I am a zoologist and evolutionary ecologist working through the second year of my doctoral degree in the Interdepartmental Doctoral Program in Anthropological Sciences (IDPAS) at Stony Brook University. I completed my Master of Research degree in Tropical Forest Ecology at Imperial College London in October of 2017, and my Bachelor of Science degree in Zoology at the University of St Andrews in June of 2016. My research interests have broadly focused on the topics of animal-plant interactions (when in the field) and phylogenetic comparative methods (when in the lab). I am originally from the North Fork of Long Island, New York.
Ksepka et al. (2020). Tempo and pattern of avian brain size evolution. Current Biology.
Greene, Clayton, Rothman et al. (2019). Local habitat, not phylogenetic relatedness, predicts gut microbiota better within folivorous than frugivorous lemur lineages. Biology Letters. https://doi.org/10.1098/rsbl.2019.0028
Recent Field and Lab Research Experience
Presently 'In the Lab' I am currently working on a research project which aims to better understand the adaptive radiation and rates of relative brain size evolution in mammals through the use of phylogenetic comparative methods. I am investigating grade shifts in slope and intercept and evolutionary strength of integration of relative brain size across a large dataset of extant and fossil mammalian taxa (from the Eocene to present), and focusing in more specifically on the primate radiation. This research is in conjunction with the Smaers Lab (https://smaerslab.com).
Madagascar - 2017 to Present My masters thesis entitled "Does anthropogenic disturbance affect the diversity and size of seeds dispersed by lemurs?" was completed in August of 2017. For this research project I collected faecal samples from four diurnal lemur species in Ranomafana National Park across a gradient of anthropogenic disturbance.

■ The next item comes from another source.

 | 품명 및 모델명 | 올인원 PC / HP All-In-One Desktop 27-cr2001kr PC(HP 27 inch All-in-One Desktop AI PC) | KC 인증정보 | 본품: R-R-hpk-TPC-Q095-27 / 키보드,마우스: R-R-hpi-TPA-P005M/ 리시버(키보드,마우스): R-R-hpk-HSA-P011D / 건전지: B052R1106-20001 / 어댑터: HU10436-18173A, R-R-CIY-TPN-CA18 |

I also led a short expedition to the recently discovered "Lost Rainforest of Crystal Mountain" to collect ring-tailed lemur faecal samples. I extracted the seeds from the faeces in order to better understand Lemur catta seed dispersal. This research is exciting as it is one of the first studies of L. catta in a tropical rainforest environment (this species ordinarily inhabits dry deciduous forests, spiny bush, and scrublands).

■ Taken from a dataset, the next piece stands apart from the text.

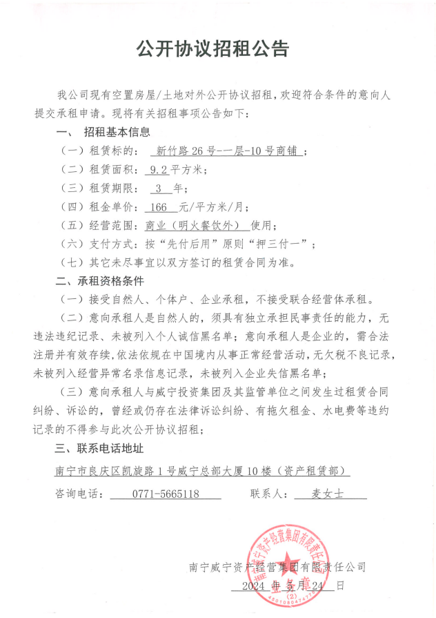 新竹路26號(hào)一層10號(hào)商鋪公開協(xié)議招租公告

I have presented some of my research at the inaugural meeting of the Malagasy Primatological Society in Tamatave, Madagascar in December of 2017, at the International Primatological Society’s 27th Congress in Nairobi, Kenya in August of 2018, and most recently at the Association for Tropical Biology and Conservation's 56th Annual Congress in Antananarivo, Madagascar in July of 2019.
I have recently returned from a second expedition to the lost rainforest in July of 2019 collecting faecal samples from the ring-tailed lemurs for a collaborative microbial project.

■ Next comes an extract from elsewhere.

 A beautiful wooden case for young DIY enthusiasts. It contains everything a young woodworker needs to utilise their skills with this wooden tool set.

I aim to return to the Lost Rainforest for a third expedition in the summer of 2020 to further study the ring-tailed lemurs.
Malaysian Borneo - Winter 2017 The Stability of Altered Forest Ecosystems (SAFE) project is one of the world's largest ongoing ecological experiments. I took part on a 3-week field course which involved the taxonomic ID of plants, vertebrates, and invertebrates, and involved hands-on experience designing, collecting, and handling ecological, biogeochemical, and biodiversity data. I received valuable experience conducting research in both the secondary and primary rainforest environments.
South Africa - Summer 2015 For myundergraduate dissertation research at the University of St Andrews, I collected data in the Greater Kruger National Park on African elephant (Loxodonta africana) damage to woody plants. Trees and shrubs were identified to the species, and damage to them was scored through time to investigate their role as ecosystem engineers in the bushveld.